Controlled, non-inferiority trial of bupivacaine liposome injectable suspension

Objectives: Recently, a bupivacaine liposome injectable suspension (BLIS) became commercially available in the veterinary market that may provide local analgesia for 72 h. The purpose of this study was to compare a BLIS incisional block with a control protocol in cats after ovariohysterectomy (OHE). The hypothesis was that a BLIS block would provide equivalent pain relief. Methods: This study was designed as a randomized, double-blind, non-inferiority trial. Students performed an OHE followed by a two-layer incisional and body wall block with either standard bupivacaine (control) or BLIS. Postoperatively, cats in the control group received robenacoxib, whereas the BLIS cats received saline. All cats were evaluated using the feline Glasgow Composite Measure Pain Scale (GCMPS) at multiple time points postoperatively.

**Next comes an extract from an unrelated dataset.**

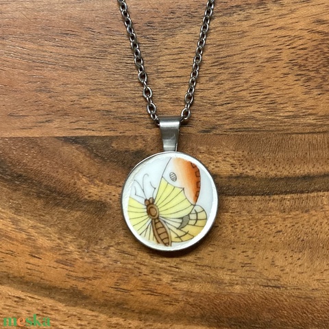 Herendi mentett darabok - nemesacél nyaklánc lepkés porcelánnal

Results: There were 24 control cats and 23 BLIS cats. One cat from each group required rescue medication. The mean GCMPS scores were low and the groups were equivalent at all time points (P <0.05). This study showed that BLIS was equivalent to the control group up to 42 h and pain scores remained low up to 68 h after surgery. Conclusions and relevance: BLIS incisional block is equivalent to a control pain protocol and reduces the need for continued postoperative drug administration.